Замелькали знакомые названия станций: Кавказская, Прохладная, Тихорецкая, а следующим ранним утром — Ростов. Уже почти дома. Проехали Ясиноватую. Вокзал, сгоревший, очевидно, при освобождении. Тогда, в феврале 43-го, он был цел. Спрашиваю у проводника время прибытия в Днепропетровск. Рассчитываю. Получается чуть больше двух с половиной суток. Значит, в отпуске могу быть две недели.
И, наконец, знакомый сгоревший закопченный остов старого вокзала, огороженный забором, очевидно, уже восстанавливают или разбирают. Проход где-то сбоку, быстро иду в толпе на площадь, бочонок с вином буквально обрывает руку и громко булькает: я отлил банку вина проводнику. Народ вокруг улыбается, со значением показывают на него. В полуторку грузят вещи два офицера с семьями, очевидно, из-за границы — много больших чемоданов. Спрашиваю у водителя, оказывается в Феодосиевские казармы. Прошусь у майора, он разрешает, и я еду с ними в кузове до самого дома. Расстаемся, как старые знакомые.

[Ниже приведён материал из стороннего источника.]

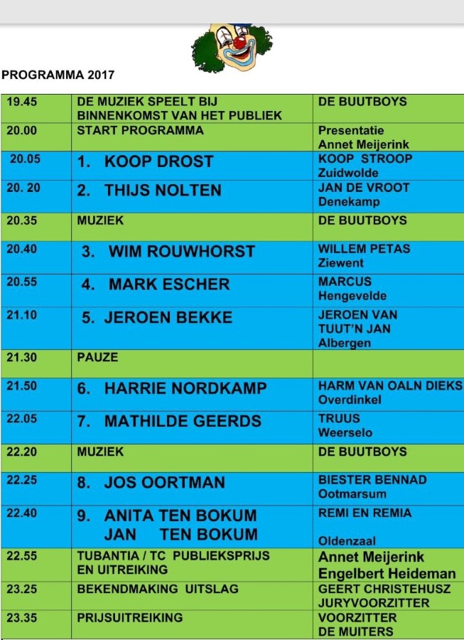 “Fantastisch! Mijn buut deed het beter dan verwacht. Helaas had ik nog grappen over nadat mijn tijd verstreken was dus iets beter oefenen de volgende keer haha, nu niet gedaan. Ik zat niet bij de eerste drie maar ik deed dan ook mee onder de olympische gedachte. Wat wel een beetje wrang was is dat de gene die derde is geworden letterlijk stukken van Helligen Hendrik over had genomen , die ik ook goed ken haha. Dus beetje goedkoop. Verder was het genieten en leerzaam. Met veel top acts die weer van pas komen in onze eigen revue!”
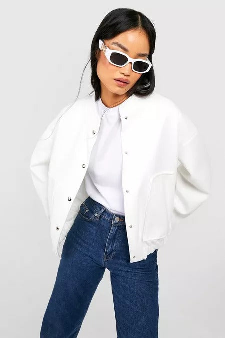 WOOL LOOK OVERSIZED BOMBER JACKET WHITE
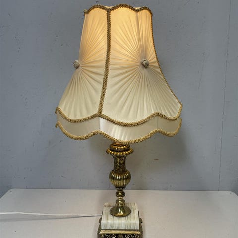 Tyylikäs Lasipaino Oy:n valmistama vintage pöytävalaisin, jossa on messinkinen runko ja kupolimainen muovivarjostin (oletettavasti varjostin vaihdettu jossain vaiheessa). Valaisimen jalka on muotoiltu pallolla ja messingillä kaarevasti, mikä antaa sille ainutlaatuisen erikoisen ilmeen. Valaisimen metalliosat ovat kiiltävät ja niissä on hienostunut rei'itetty kuviointi.Maadoittamaton pistoke.
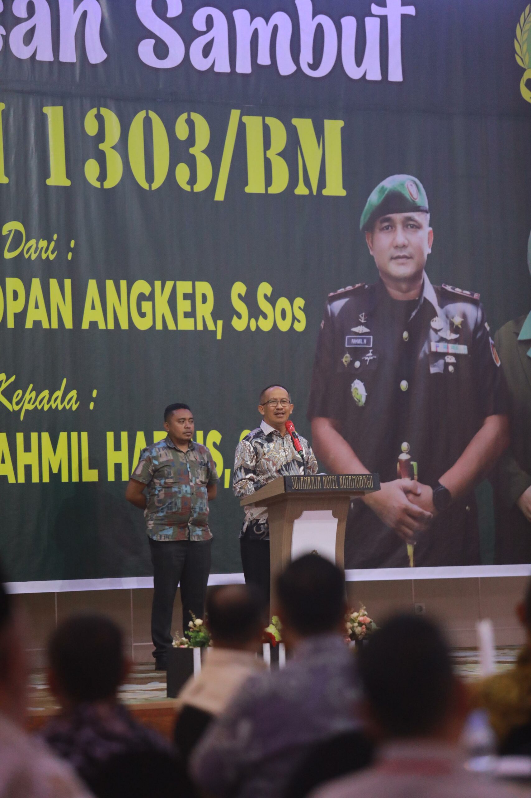 “Atas nama pemerintah se – Bolaang Mongondow Raya, juga kami menyempaikan ucapan Selamat Datang kepada Dandim 1303 Bolaang Mongondow., Bapak. Letkol. Inf. Fahmil Harris., S.I.P. di wilayah Bolaang Mongondow Raya. semoga sukses dan mari kita bergandengan tangan membangun Bolaang Mongondow Raya yang lebih baik di masa yang akan datang,”tambahnya.
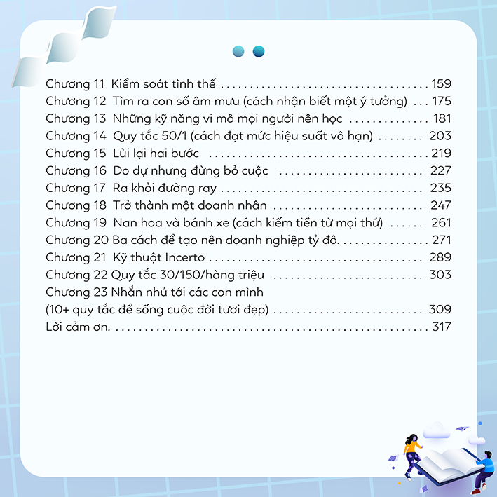 NGƯỜI THÀNH CÔNG CÓ LỐI ĐI RIÊNG    Linh hoạt thay đổi là điều rất quan trọng    Một đại dịch khủng khiếp đã khiến cả hành tinh hoàn toàn bị tắt ngúm. Bốn mươi triệu người lao động ở Mỹ nộp đơn xin trợ cấp thất nghiệp. Thế giới tưởng như đã đi đến đường cùng. Tình hình bắt đầu hỗn loạn. Biểu tình diễn ra ở khắp mọi nơi. Và rồi nền kinh tế mở cửa trở lại, màn sương bắt đầu mờ dần đi và hậu quả là thứ mà chúng ta có thể nhìn thấy. Nhiều doanh nghiệp phá sản. Nhiều ngành công nghiệp bị thay đổi hoàn toàn. Và nhiều người trở nên lạc lối trong thế giới mới.   Các khả năng như linh hoạt thay đổi, xác định đam mê, thành thạo các kỹ năng, kiếm tiền từ điều mình yêu thích, những điều này chưa bao giờ quan trọng đến thế. Ở trường, không ai dạy chúng ta kỹ năng “vượt quyền”. Thầy cô không bao giờ nói với chúng ta rằng thế giới có thể bỗng nhiên trở nên rất đáng sợ trừ phi chúng ta biết cách sống trong vùng đất khó đoán định ấy. [Sách] Người Thành Công Có Lối Đi Riêng | [Book] Skip the Line Quy tắc 10.000 thử nghiệm trong sách “Người thành công có lối đi riêng”   Làm thế nào để có được tự do và không phải nghe lời sai bảo từ người khác?   Làm thế nào để chúng ta có thể làm chủ một kỹ năng, để từ đó được đồng nghiệp tôn trọng, kiếm ra tiền, đồng thời thấu hiểu hơn về đam mê và mục đích thực sự của bản thân?   Làm thế nào để chúng ta vẫn có thể thư giãn, tận hưởng thời gian với bạn bè, gia đình và những người xung quanh?   Những ý tưởng trong cuốn sách “” có thể giúp bạn bừng tỉnh. Quy tắc 10.000 thử nghiệm mà tác giả sẽ mô tả trong cuốn sách này là không được chìm đắm trong “ham muốn thất bại liên hoàn”.   Trong cuốn sách này chúng ta sẽ không làm theo quy tắc 10.000 giờ – quy tắc cho rằng nếu bạn kiên trì luyện tập một kỹ năng nào đó trong 10.000 giờ, bạn sẽ trở thành một trong những người làm công việc đó giỏi nhất thế giới.   Đây là cách tiếp cận những thay đổi và khủng hoảng bằng cách sử dụng các công cụ giúp tăng cường sự sáng tạo, kỹ năng thực hành, thuyết phục, lãnh đạo và hiệu suất làm việc. Tất cả những kỹ năng này khi kết hợp với nhau sẽ đưa bạn tới thành công vượt ngoài sức tưởng tượng, với tốc độ mà người khác sẽ nói là bất khả thi.   Khi bạn sử dụng Quy tắc 1% và các công cụ trong cuốn sách này (ví dụ như Quy tắc tăng hiệu suất 50/1, các kỹ thuật về phép toán ý tưởng và kiểm soát tình thế), bạn sẽ nhận ra rằng bạn có lượng thời gian gần như vô hạn để làm nên những tiến bộ 1% mỗi ngày trong cuộc sống của mình.   Mọi thứ trong cuốn sách SKIP THE LINE: The 10,000 Experiments Rule and Other Surprising Advice for Reaching Your Goals này đều được kết nối với nhau. Nhảy cóc không phải là các mẹo có thể áp dụng trong mọi tình huống. Nó cũng không bao gồm các lối tắt khi một tình huống nhất định. Nó là một cách sống cho phép đam mê dẫn dắt việc học hỏi, thời gian và nhiều nguồn lực khác. Bằng cách luyện tập để giỏi hơn mỗi ngày, bạn sẽ có thể làm những việc gần với sở thích và đam mê của mình nhất.   Tác giả: James Altucher Công ty phát hành: Mã sản phẩm: 8935278607120 Nhà xuất bản: NXB Thế Giới Kích thước: 15.5 x 23.5 cm Số trang: 320 Khối lượng: 600.0 gram Năm phát hành: 08/2023
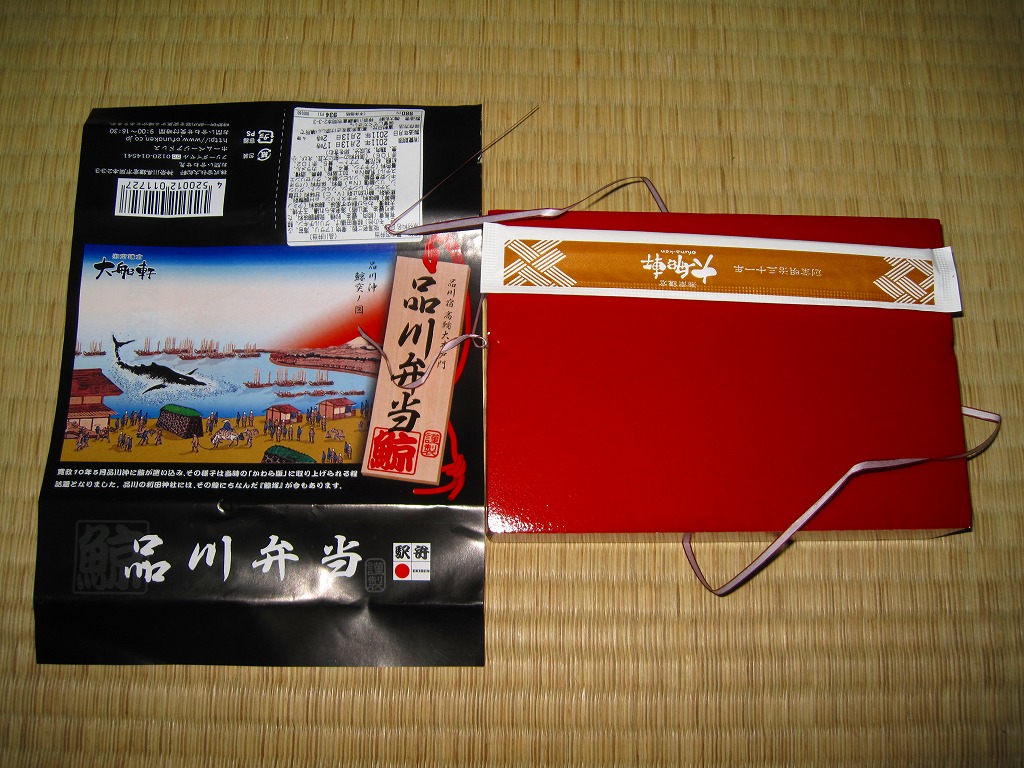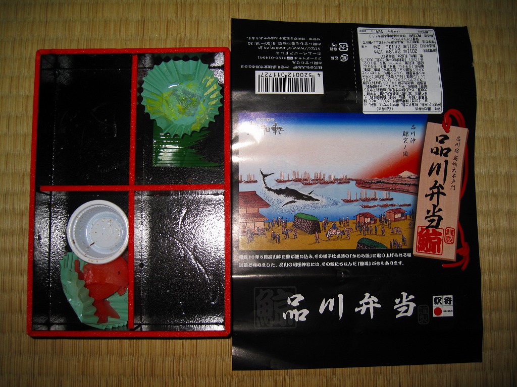 上記の駅弁「品川弁当」の、2011(平成23)年の姿で、発売当時の姿。値段以外の変化はないと思っていたら、中身に加えて掛紙の絵柄も変わっていた。当時の掛紙には「品川沖鯨突ノ図」とある絵画を印刷。中身はサクラエビの御飯、海苔佃煮とアサリを載せた御飯、グリルチキンと海老あられ揚とクジラの有馬煮、クジラの竜田揚と有馬煮にかまぼこや玉子焼やわらびもちなど。今の品川駅からは想像も出来ないが、東京湾に面して江戸前の海の幸が味わえたはるか昔の品川が、とてもよくイメージされていると思った。
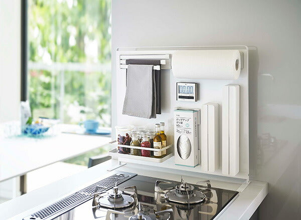●コンロ・シンク・調理場の奥を有効活用。別売のマグネット収納ツールを好きな位置に取り付けて、自分だけのオリジナル収納をつくれます。
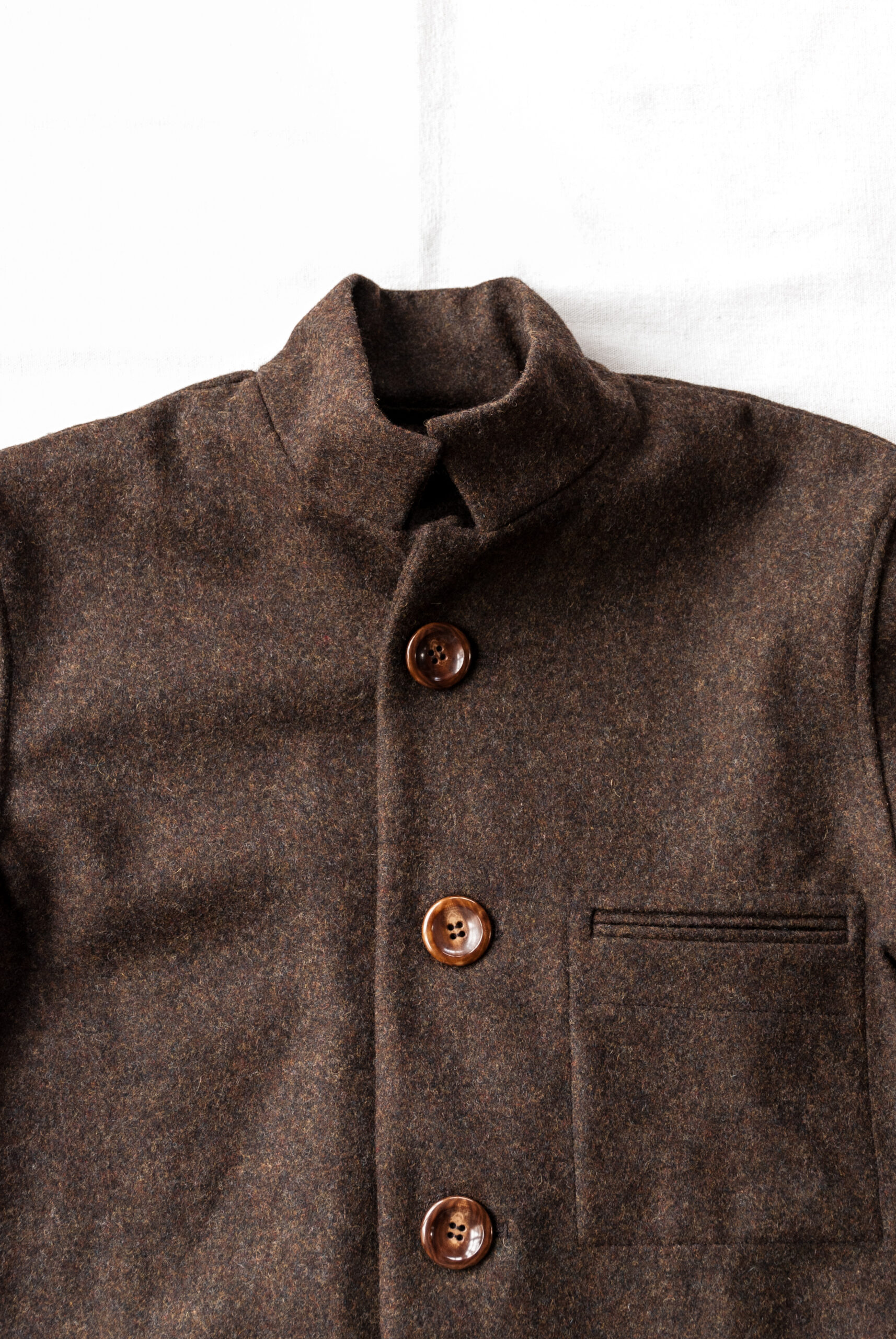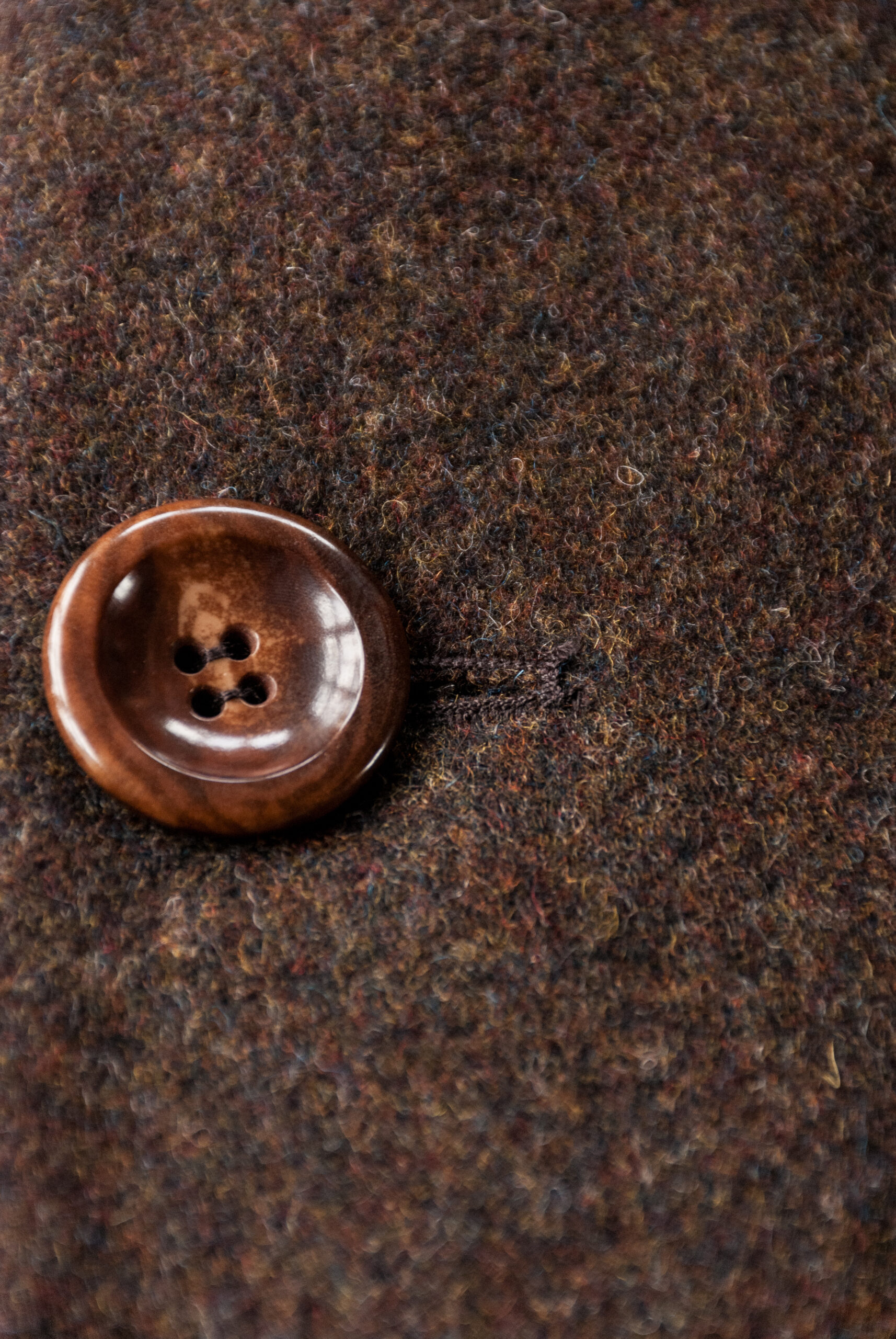 控えめに言っても大きい4つアンティークボタンと、パッチポケットではない両サイドポケット、襟を倒せば控えめなラペルができたり、挑戦的な厚い生地、等。
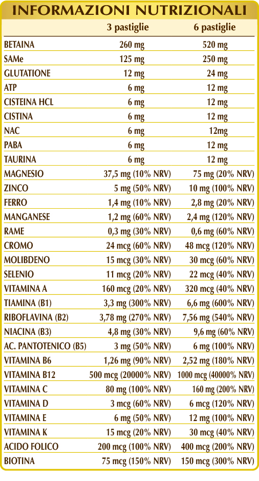 SAMe (S-adenosil metionina disolfato tosilato), cellulosa microcristallina°, gomma arabica°, betaina, silicio biossido°°, vitamina C (acido ascorbico), magnesio ossido, zinco gluconato, vitamina E di origine vegetale (acetato di D-α-tocoferile), ferro gluconato, glutatione ridotto, manganese gluconato, vitamina B2 attivata (riboflavina 5-fosfato di sodio), ATP (adenosina trifosfato sale sodico), (L-)cisteina HCL o cloridrato, (L-)cistina, NAC (N-acetilcisteina), PABA (acido p-aminobenzoico), taurina, magnesio stearato di origine vegetale°°, vitamina B3 (nicotinamide), vitamina B1 (tiamina cloridrato), vitamina B5 (pantotenato di calcio), rame gluconato, vitamina B6 attivata (piridossale-5-fosfato), lichene (Cladonia rangiferina) tallo E.S. (titolato in vitamina D3 colecalciferolo 100.000 UI/g), vitamina A (acetato di retinile), vitamina B12 attivata (5-deossiadenosilcobalamina, metilcobalamina), acido folico attivato (L-metilfolato di calcio), cromo picolinato, biotina, sodio molibdato, sodio selenito, vitamina K1 (fillochinone). E.S.= Estratto secco. °Agente di carica. °°Antiagglomerante.

Мама опять плакала, не могла понять, почему я не заявил о своем возрасте и не демобилизовался сразу после войны. Проговорили всю ночь. Женя уснул, а мы только утром. Мне много пришлось объяснять, рассказывать, но как я понял значительно позже, все мои объяснения были для мамы совершенно не убедительными. И, если признаться честно, то маму я понял только в тот момент, когда с Южного вокзала отправился поезд, увозящий моего сына в пограничные войска на турецкую границу в 1987-м году. Когда я вернулся домой совсем, стал учиться в вечерней школе, а затем в институте, только тогда мама поняла и поверила, что годы, прошедшие на военной службе — не зря потерянное время. А я до самого конца старался как-то смягчить, помочь забыть те тяжелые годы своего детства, доставившие ей столько горя.
Мои соученики и друзья стали приходить, делиться своими достижениями. Женя Петренко и Леня Скабаланович уже учились в Горном институте, Саша Гальперин — в металлургическом, Тамара Данилова — в университете. Остальные тоже были уже почти на порогах вузов.
Люба окончила школу и пошла работать чертежницей в Укргеологию. Они с мамой решили дать возможность учиться младшей сестре Наде, а потом уже поступать Любе. Смеясь, договорились, что пойдем вместе, когда я вернусь.
В один из вечеров мы с Любой проводили домой Лилю Семенову, а потом уселись на скамейке у Екатерининского постамента, где сейчас стоит Ломоносов. Поговорили о многом, а еще больше было понятно без слов. Клятвенных заверений не было, но условились дождаться моего возвращения. Я рассказал о своем намерении поступить в военное училище. Люба не возражала и сказала, что поедет со мною хоть на край света. Что еще нужно, если тебе только 19 лет?
Было уже половина четвертого, мы сильно замерзли сидя на скамейке, и вдруг Люба сказала:
— Мне очень холодно, идем домой.
Натасканный в любовной лирике Володей Портновым, я почему-то решил поумничать и прочел из Р. Бернса:
ОченьОна не дала мне закончить:
— Там дальше — целовался с кем-то кто-то… Поцелуй и ты меня.
Я прикоснулся своими замерзшими губами к ее губам. Это было первый раз в жизни, и я не знал, что делать дальше. Современных кинофильмов тогда не было, и каждый шел своим практическим путем. Люба выручила, но не преминула и пошутить:
— Что вас там, в армии и целоваться не учат?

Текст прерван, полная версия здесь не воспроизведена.